4- AÇIK HAVAYA ÇIKIN
A vitamini ve D Vitamininin bağışıklık üzerine olumlu etkisi var. D vitamini sentezi için mayıs-ekim arasında her gün saat 11.00-15.00 arasında yarım saat kadar kolları ve bacakları güneşlendirmek, bununla birlikte havuç, ıspanak, karalahana, yumurta ve balık çeşitlerine sofralarda yer açmak gerekiyor. D vitamini kanda 50-60 ünitenin üzerinde olmalı, bu sevilerin altındaysa dışarıdan takviye edilmeli.
5- DEMİR DEPONUZ DOLU OLSUN
Demir eksikliği bağışıklık sisteminin zayıflamasına neden oluyor. Özellikle 14-45 yaş arası kadınlarda ve büyüme gelişme çağındaki çocuklarda çok sık görülüyor. Vücut demir depoları azalınca hücrelere yeteri kadar kan gidemiyor. Hücre oksijenlenmesi azalıyor. Bu durumda salgın hastalıklara yakalanma riski artıyor. O nedenle demirden yana zengin yiyecekler olan kırmızı et, yumurta, karaciğer, kurubaklagiller ve pekmezin beslenmede yer alması gerekiyor.
6- ÇORBANIZA YULAF KEPEĞİ
Birçok bilimsel araştırmada beta-glukan içeren yulaf kepeğinin bağışıklık sistemini güçlendirdiği gösterildi. Çorbalarınıza veya yoğurdunuza ekleyeceğiniz günlük 2-3 yemek kaşığı yulaf kepeğinin hem bağırsak çalışmasında hem daha tok hissetmekte hem de bağışıklık sistemini güçlendirmekte faydasını görürsünüz. Bu arada farklı sebzelerden kemik suyuyla çorbalar hazırlayın. Üzerine mutlaka zencefil, acı biber serpin.

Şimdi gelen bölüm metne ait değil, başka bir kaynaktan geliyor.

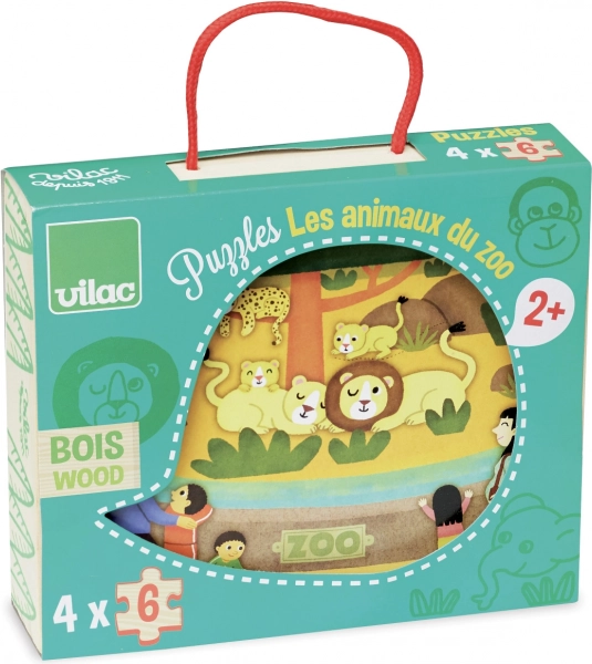 Lesene puzzle z motivom ZOO ponujajo zabavo za otroke od 2 let. Vsebujejo štiri sestavljanke, vsaka s šestimi koščki, in so praktično shranjene v lesenem zabojčku z bombažnim ročajem.

7- SOFRANIZDA BALIK VE SEMİZOTUNA YER AÇIN
Omega-3 oranı yüksek besinler olan balık, ceviz, semizotu gibi yiyecekler hücre kanlanmasını artırmak, damar kireçlenmesini önlemek gibi pek çok fayda sağlıyor. Koruyucu kalkan oluşturuyor.

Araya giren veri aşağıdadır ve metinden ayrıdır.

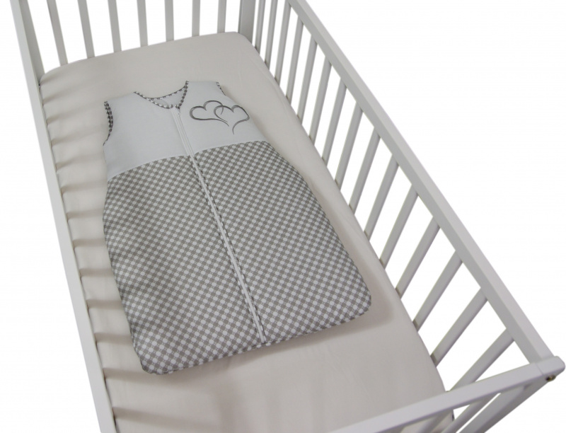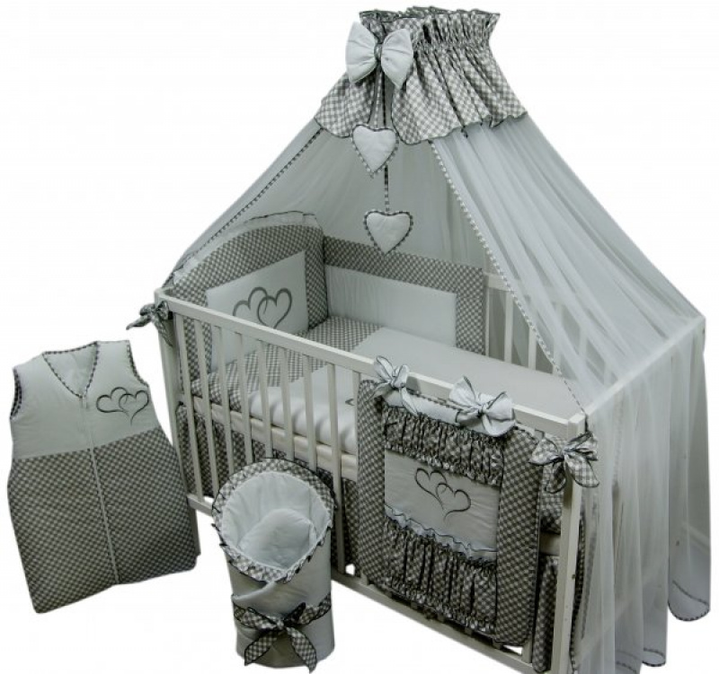 Postýlka + 16-ti dílná luxusní vyšívaná sada dvě srdíčka -šedá

8- ATIKLARI SU İÇEREK UZAKLAŞTIRIN
İyi bir dolaşım, beraberinde iyi bir boşaltım ve iyi bir metabolizma için yaz-kış demeden, günde 10 bardak su içmeyi alışkanlık haline getirin. Özellikle kış aylarında susama hissi azaldığı için günlük su tüketimi yetersiz kalıyor. Bu durumda atık maddeler vücuttan gerektiği hızda atılamıyor, toksin birikimine uygun zemin oluşuyor. Bütün bu süreç hastalıklara yakalanma riskini artırıyor.
9- HAREKETE GEÇİN
En önemli bağışıklık sistemi koruyucusu harekettir. İşleyen demir pas tutmaz atasözünde olduğu gibi ne kadar çok hareket ederseniz vücudunuza o kadar büyük iyilik etmiş olursunuz. Kan dolaşımını ve metabolizma hızını arttırarak bağışıklık sisteminizi kuvvetlendirirsiniz. Her gün 10 bin adım atmaya özen gösterin. Egzersizi spor salonu yerine açık havada gün ışığında yapın.
10- YATAK ODANIZ MAĞARA GİBİ OLSUN
Vücudu onarmak için uyku çok önemli. Bağışıklık sisteminizin güçlü olması için mağara gibi karanlık, sessiz ve çok sıcak olmayan bir odada uyuyun. Yatak odanızda cep telefonunuzu şarj etmeyin, televizyon, ipad gibi elektronik aletler bulundurmayın. Uykunuzun tuvalete gitmekle bölünmesini istemiyorsanız akşam 20.00’dan sonra su içimini kısıtlayın. Su tüketimini gün içinde yoğunlaştırın.